Your task
Copy exactly the lines of the data below, beginning with the line with "圖4是安森美半導(dǎo)體" and ending with the line with "- Downtime: Vertical". Pictures are to be omitted.
[[ Data for analysis open ]]
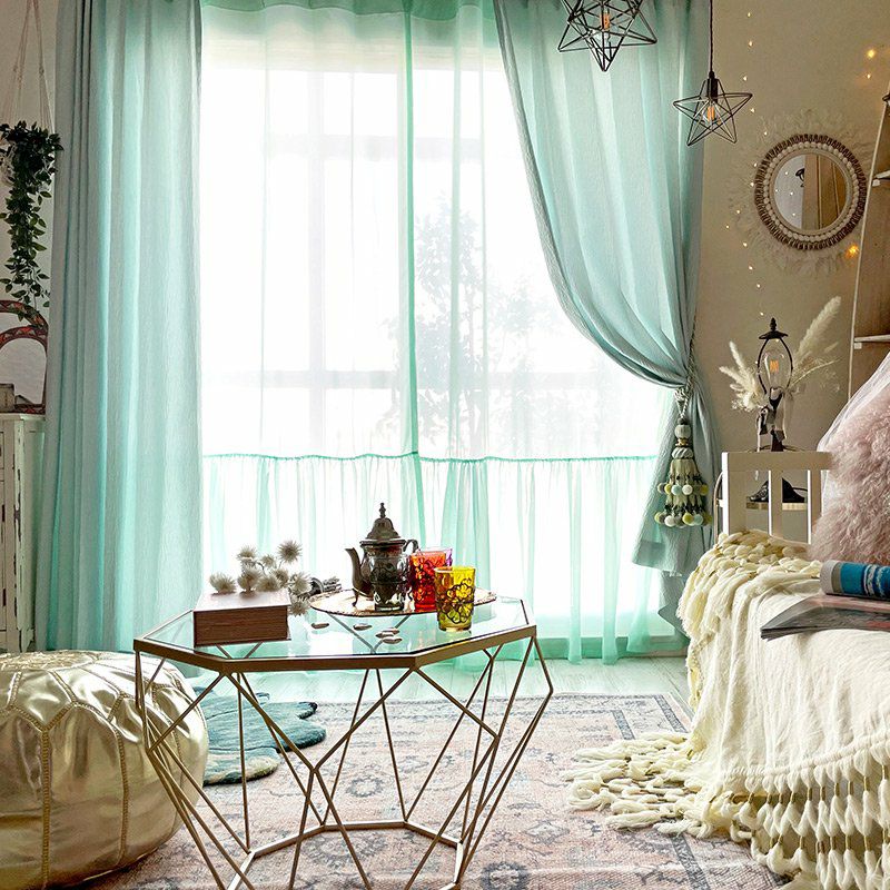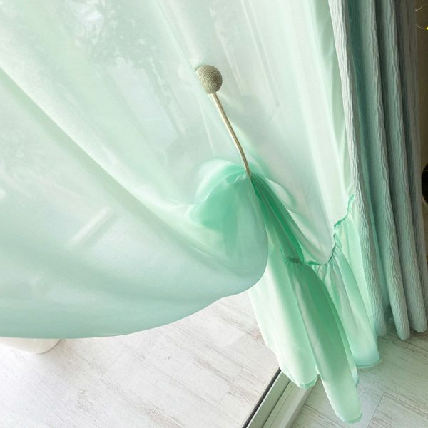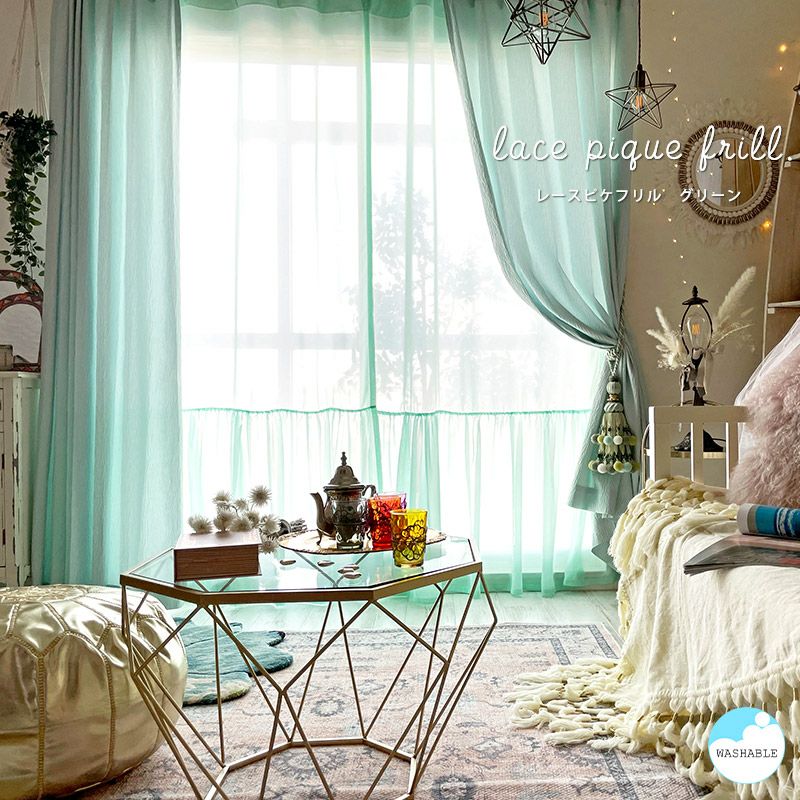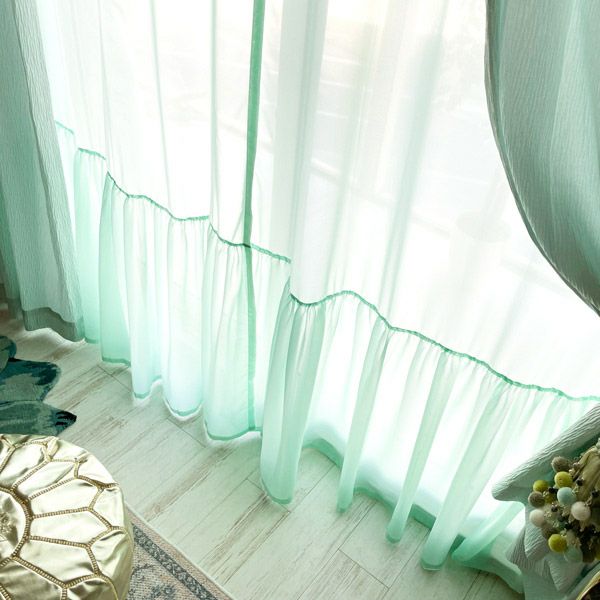 きれいなカラーのボイル生地にギャザーフリルの切り替えしを施したレースカーテンです。
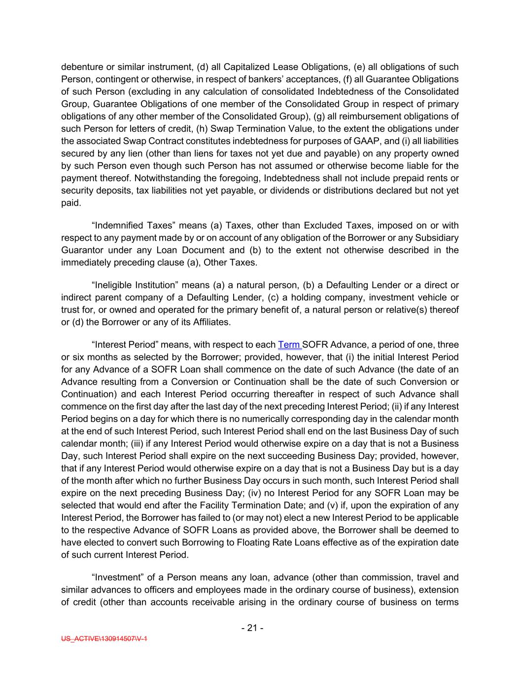 - 21 - US_ACTIVE\130914507\V-1 debenture or similar instrument, (d) all Capitalized Lease Obligations, (e) all obligations of such Person, contingent or otherwise, in respect of bankers’ acceptances, (f) all Guarantee Obligations of such Person (excluding in any calculation of consolidated Indebtedness of the Consolidated Group, Guarantee Obligations of one member of the Consolidated Group in respect of primary obligations of any other member of the Consolidated Group), (g) all reimbursement obligations of such Person for letters of credit, (h) Swap Termination Value, to the extent the obligations under the associated Swap Contract constitutes indebtedness for purposes of GAAP, and (i) all liabilities secured by any lien (other than liens for taxes not yet due and payable) on any property owned by such Person even though such Person has not assumed or otherwise become liable for the payment thereof. Notwithstanding the foregoing, Indebtedness shall not include prepaid rents or security deposits, tax liabilities not yet payable, or dividends or distributions declared but not yet paid. “Indemnified Taxes” means (a) Taxes, other than Excluded Taxes, imposed on or with respect to any payment made by or on account of any obligation of the Borrower or any Subsidiary Guarantor under any Loan Document and (b) to the extent not otherwise described in the immediately preceding clause (a), Other Taxes. “Ineligible Institution” means (a) a natural person, (b) a Defaulting Lender or a direct or indirect parent company of a Defaulting Lender, (c) a holding company, investment vehicle or trust for, or owned and operated for the primary benefit of, a natural person or relative(s) thereof or (d) the Borrower or any of its Affiliates. “Interest Period” means, with respect to each Term SOFR Advance, a period of one, three or six months as selected by the Borrower; provided, however, that (i) the initial Interest Period for any Advance of a SOFR Loan shall commence on the date of such Advance (the date of an Advance resulting from a Conversion or Continuation shall be the date of such Conversion or Continuation) and each Interest Period occurring thereafter in respect of such Advance shall commence on the first day after the last day of the next preceding Interest Period; (ii) if any Interest Period begins on a day for which there is no numerically corresponding day in the calendar month at the end of such Interest Period, such Interest Period shall end on the last Business Day of such calendar month; (iii) if any Interest Period would otherwise expire on a day that is not a Business Day, such Interest Period shall expire on the next succeeding Business Day; provided, however, that if any Interest Period would otherwise expire on a day that is not a Business Day but is a day of the month after which no further Business Day occurs in such month, such Interest Period shall expire on the next preceding Business Day; (iv) no Interest Period for any SOFR Loan may be selected that would end after the Facility Termination Date; and (v) if, upon the expiration of any Interest Period, the Borrower has failed to (or may not) elect a new Interest Period to be applicable to the respective Advance of SOFR Loans as provided above, the Borrower shall be deemed to have elected to convert such Borrowing to Floating Rate Loans effective as of the expiration date of such current Interest Period. “Investment” of a Person means any loan, advance (other than commission, travel and similar advances to officers and employees made in the ordinary course of business), extension of credit (other than accounts receivable arising in the ordinary course of business on terms
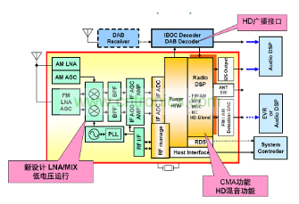 圖4是安森美半導(dǎo)體DSP調(diào)諧器的框圖。從圖中可以看出,模擬前端是新設(shè)計(jì)的新設(shè)計(jì)LNA和MIX,可低電壓運(yùn)行,只需5 V供電;數(shù)字后端可以支持廣播接口。DSP采用CMA算法,具有HD混音功能。
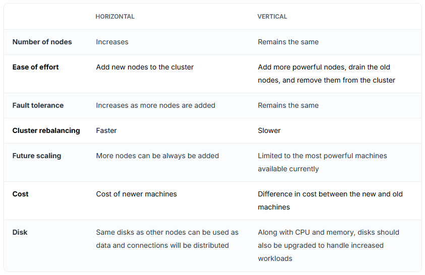 - Downtime: Vertical scaling is often limited by the capacity of a single server, resulting in service interruptions, which can impact application availability. Horizontal scaling involves adding multiple servers or nodes to distribute the load, enabling you to scale without downtime and enhance system resilience and availability.
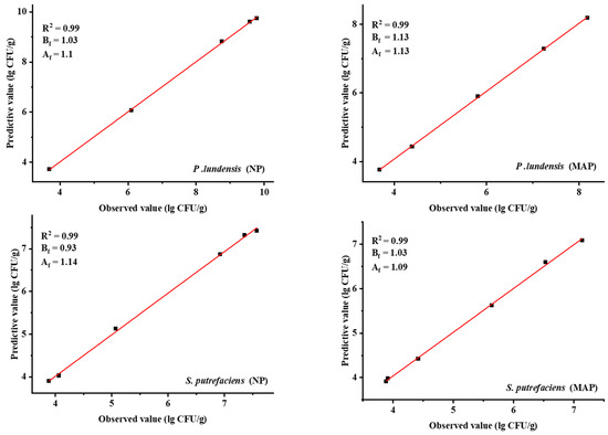 The applicability of the modified Gompertz model was verified through independent experiments. The observed values were compared with the predicted values in the experiments, and the models were mathematically evaluated using Bf, Af, and MSE [10].
[[ Data for analysis closed ]]
Exercise response
 圖4是安森美半導(dǎo)體DSP調(diào)諧器的框圖。從圖中可以看出,模擬前端是新設(shè)計(jì)的新設(shè)計(jì)LNA和MIX,可低電壓運(yùn)行,只需5 V供電;數(shù)字后端可以支持廣播接口。DSP采用CMA算法,具有HD混音功能。
 - Downtime: Vertical scaling is often limited by the capacity of a single server, resulting in service interruptions, which can impact application availability. Horizontal scaling involves adding multiple servers or nodes to distribute the load, enabling you to scale without downtime and enhance system resilience and availability.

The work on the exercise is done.